Albert de Pury, a professor of the Old Testament at the Protestant Faculty of Theology at Geneva, sums up his doctorate thesis in the following words: "Divine promise and cultural legend in the cycle of Jacob» (2 volumes,Gabalda Publishers, Paris 1975), in which he integrates, discusses and prolongs the research of the greatest contemporary historians of the Scriptures, including Albrech Alt and Martin Noth (see : "History of Israel" by M.Noth,French translation published by Payot, 1954; "Theology of the Old Testament", 1971,Labor et Fides publishers, Geneva, by Von Rad, "Ancient History of Israel" (2 volumes) by Father R. de Vaux, Paris 1971.

"The Biblical theme of the gift of the country has its origin in the 'patriarchal promise', in other words in the divine promise made, according to the tradition of Genesis, to the patriarchs, Abraham, Isaac and Jacob. The stories in Genesis relate several times and in different ways, that God promised the patriarchs and their descendents the ownership of the land in which they were in the process of settling. This promise was made at Sichem (Genesis 12/7), at Bethel (Genesis 13/14-16; 28/13-15; 35/11-12) and at Mamre, near Hebron (Genesis 15/18-21; 17/4-8), in other words at the principal sanctuaries of Samaria and Judea, and appears to apply above all to the region of present-day Cisjordania.

"Biblical narrators present us the history of Israel's origins as a succession of well-defined periods in time. All the memories,stories, legends, tales or poems in their possession, handed down by oral tradition, were inserted by them within a specific genealogical and chronological framework. This determination to put order in handed-down tradition and to classify it also left its mark on the compilation of the patriarchal tales.

"Each of the patriarchs was probably an eponymous hero or legendary figure of independent origins, but for the narrators of the Bible all the names must be united in the same family tree.
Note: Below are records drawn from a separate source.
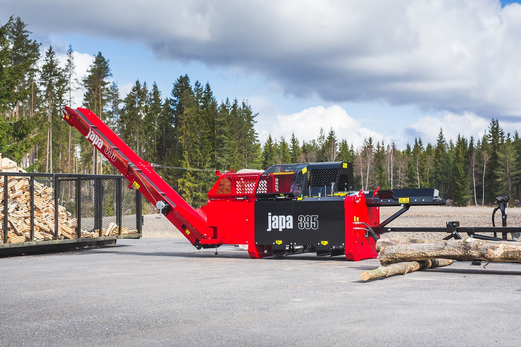 Japa® 395 er en ny generasjons vedmaskin. Pålitelighet og sikkerhet var Japas sentrale prioriteringer i utformingen av den nye maskinen. Den nye Japa® 395 inkluderer en hydraulisk kløyver, oppgradert pusher og en hydraulisk justerbar kniv, stokklengdebegrenser, styrplate og smørepumpe. Det nye designet og de aktive sikkerhetsgitterene sikrer god synlighet inne i maskinen og letter vedlikehold av nøkkelkomponenter. Hvis ett av sikkerhetsgitterne er åpne, deaktiveres splittesylinderen og skjæringen.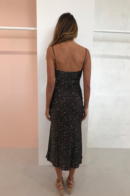 The GINIA Blaire Dress is the perfect piece to dress up or down. Designed from a lustrous silk satin in an elegant star print, the Blaire features a scooped neckline, fine adjustable shoulder straps and a range of colours to choose from. The slip is cut on the bias to mould beautifully to the body and finishes mid calf.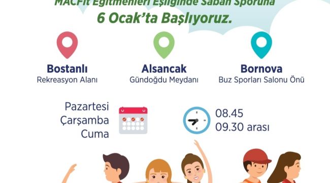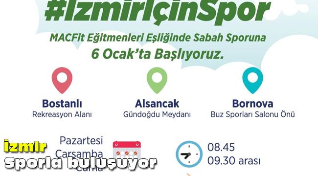 İzmir Büyükşehir Belediyesi Gençlik ve Spor Kulübü İzmirlileri sabah sporuna çağırıyor. Bostanlı Rekreasyon Alanı, Alsancak Gündoğdu Meydanı ve Bornova Buz Sporları Salonu’nun önünde haftanın üç günü spor aktiviteleri düzenlenecek. Uzman eğitmenler eşliğindeki aktivitelere katılım ücretsiz olacak.

Thus Abraham is presented as the father of Isaac and as Jacob's grandfather. The eponyms of the twelve tribes of Israel are regarded as the sons of Jacob, etc. It is these twelve sons of Jacob - the embryo of the "people of Israel" concept - who left Palestine for Egypt because of a famine. After an exile of 400 years, their descendents having become the "people of Israel" in the meantime, they left Egypt, wandered about in the desert and finally conquered the land which had been promised to their ancestors. As almost all contemporary exegets agree, this schema is mostly fictitious.

"The works of Albrecht Alt and Martin North have revealed especially that the division into successive periods (Patriarchs - bondage in Egypt - conquest of Canaa) is artificial."
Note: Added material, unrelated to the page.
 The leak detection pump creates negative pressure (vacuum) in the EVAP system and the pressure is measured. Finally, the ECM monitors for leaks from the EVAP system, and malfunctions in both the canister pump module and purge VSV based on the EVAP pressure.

lt is admitted today that most of the tribe and clans which, in the 12th or the 11th century B.C., joined up to become the "people of Israel" (perhaps in the form of a confederation) were originally groups of semi-nomads who had become sedentary in central Palestine, Transjordania, Galilee and the Neguev over the course of the previous centuries.

Most of these clans claimed to be descended from an eponymous ancestor about whom they had preserved a body of stories and legends. Thus one of these clans regarded itself as issued from the "patriarch" Abraham ; another was issued from Jacob, while others still were considered to be the descendents of Ruben, Simeon or Joseph.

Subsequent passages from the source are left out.